- 0 Comments
The Arthur Murrays’ Dance Secrets: Etiquette Of The Ballroom (Part 1)
Many people seem to shy away from the word “etiquette”. It has an old-fashioned sound. But etiquette, after all, is merely the practical application of good common sense and attractive manners.
Ballroom dancing is a partnership and group activity and so it concerns other people beside yourself. There is never any excuse for faulty manners that might affect or react on others. A popular member of a dancing group is considerate—and shows regard for the comfort and pleasure of partners, a hostess, and the other guests.
Once you have accepted an invitation to a dance, you have automatically agreed to live up to the obligations it implies. You are expected to be suitably dressed, to be pleasant company, and, above all, to be able to dance.
No one would dream of accepting an invitation for tennis or bridge unless they could play. But many will accept dancing dates when they know quite well that their dancing is not good enough for a partner to enjoy. It’s odd, isn’t it?
If you can’t dance with confidence, have the courage to refuse dancing invitations. Wait until you have the ability and can appear in the best light possible. By starting to practice immediately, you’ll be ready and in demand the next time!
A man who accepts an invitation to a dance cannot spend the entire evening with the one partner of his choice. By accepting, he has agreed to add to the festivity of the evening by mingling with the group, by asking several partners to dance, or by changing partners with other couples. Natural courtesy dictates the rule that he must seek out and invite the hostess to dance. If she has daughters or sisters present, they must not be overlooked.

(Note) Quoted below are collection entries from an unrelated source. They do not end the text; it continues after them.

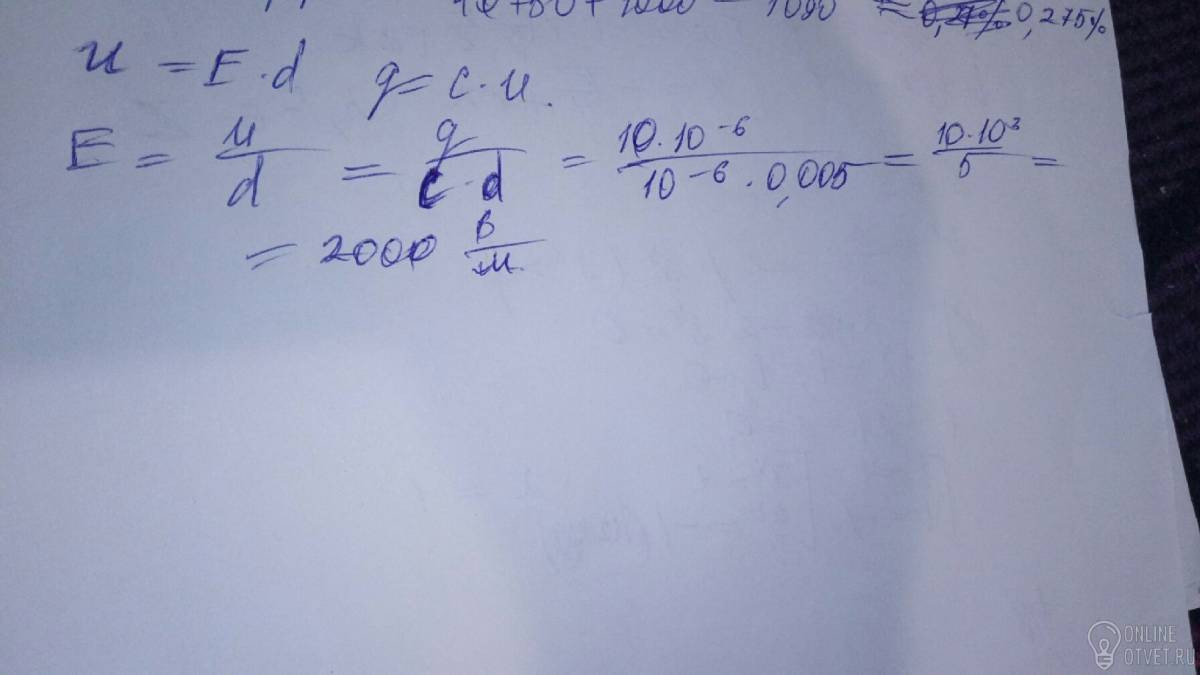 20 БАЛЛОВ ... Плоский воздушный конденсатор ёмкостью 1 мкФ соединились источником напряжения в результате чего он приобрёл заряд 10 мкКл.Расстояние между пластинами 5 мм. Определите напряженность поля внутри конденсатора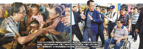 2018年11月11日陳水扁應(yīng)邀參加晚間在高市三鳳宮舉行的紀(jì)念晚會(huì),陳水扁向支持者握手致意(左圖)。相較于2016年6月4日陳水扁(右圖中)由兒子陳致中(右圖左)、醫(yī)療團(tuán)隊(duì)陪同,從左營(yíng)搭高鐵直達(dá)臺(tái)北參加餐會(huì),精神狀態(tài)相差許多。(圖片來源:臺(tái)灣“中時(shí)電子報(bào)”)
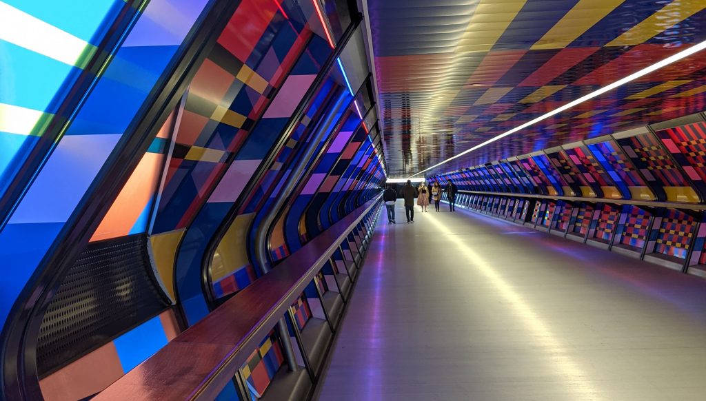 On-site evaluation: As already mentioned in the permeable network & active frontages paragraphs, there are wide pavements that facilitate flow and encourage walking, pedestrian bridges that provide connections with surrounding areas and an underground shopping mall that offers the possibility for car-free walks and shopping. All the above, encourage walking in the Canary Wharf area.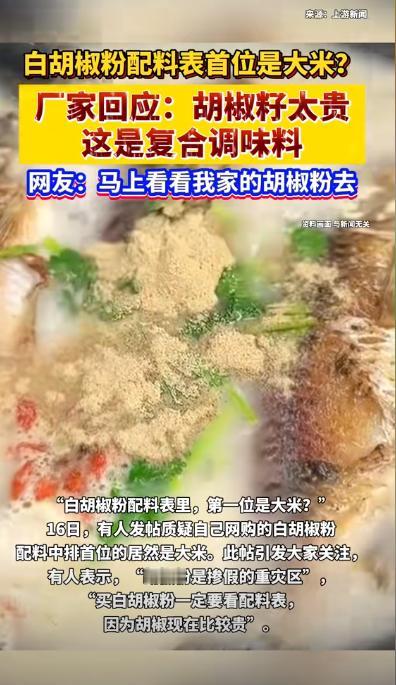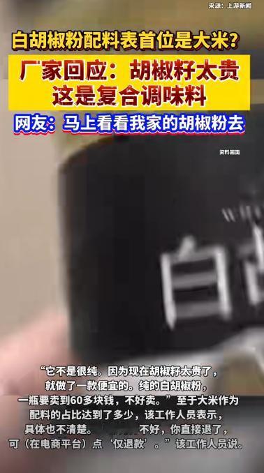 “离谱!”江苏南京,一男子网购了一瓶白胡椒粉,可收到货还没等打开,看了一眼配料表才发现,白胡椒粉配料中排首位的居然是大米,商家回应:纯的白胡椒粉太贵了,没人买! 杨先生(化名)最近看到家里面炒菜要用的胡椒粉要用完了,于是他就在网上购买了一瓶,然而就在等快递到他拿起看配料的时候,却发现配料占比比较大的是大米而非胡椒。 “离谱” 这是他第一反应,杨先生常年做饭,对调味品成分本来就多留意些,常买调料的人都知道,配料表第一位意味着含量最高,现在白胡椒粉排在后面,跟大家对 “白胡椒粉” 这名字的期待完全对不上。 他赶紧找商家问情况,商家倒是没绕弯子,直接说了实话,纯白胡椒原料价太高,要是只卖纯的,一瓶零售价得六十多才能回本,可这价格市场接受度低,销量根本没法保证。 所以才在配方里加了大米之类的填充物,就是为了降成本,末了商家还说,要是不满意,能申请退款。 这事被杨先生放到网上后,网友们吵翻了天,有人觉得商家不地道,打着 “白胡椒粉” 的名义,实际掺了低价原料,这不是误导消费者,也有人说,包装上明明白白写了配料,没违规,消费者买的时候自己该多看看成分表。 还有人提到监管层面,要是商品名称和主要成分对不上,可能违反了《标准商品名称》和食品标签的相关规定,平台和监管部门得加强审查才行。 其实光生气解决不了问题,消费者买东西,最基本的就是有权知道自己买的到底是什么,配料表得清晰、真实,要是配方比例让 “白胡椒” 不再是主要成分,那商品名字就该改改,得反映实际情况才行。 再说电商平台和市场监管部门,对商品的标注、宣传也得把好关,别让这种 “名不符实” 的促销行为,误导了大家。 对咱们消费者来说,下单前也得多留个心眼,看看成分、产地,翻翻其他买家的评价,遇到有疑问的地方,及时把凭证保存好,要是真出了问题,也好通过平台或者监管渠道维权。 通过这事其实也给大家提了个醒,商品标签不只是商家自己说说,更关系到咱们消费者的选择权和对商家的信任,一行简单的配料表,背后能看出商家的诚信和监管是否到位。 一瓶小小的香料,说到底,考验的是市场对透明和公正的接受程度。 对此,你还有什么看法呢? (信息来源 :江苏经济报 )

A lady must wait to be asked to dance, but she has her obligations to the party. She cannot, for instance, refuse one partner and then turn around and accept another. Neither should a girl attempt to tie strings to a partner—to hold on to him. She must release him gracefully so that he can get about and dance with others.
When entering or leaving the dance room, the lady always precedes. Men never go first unless they need to do so to give assistance, such as in helping someone out of a car, bus, or so on.
It is no longer considered good taste for a man to take the lady’s arm when they are walking to or from the dance floor. This has been out-of-date for years.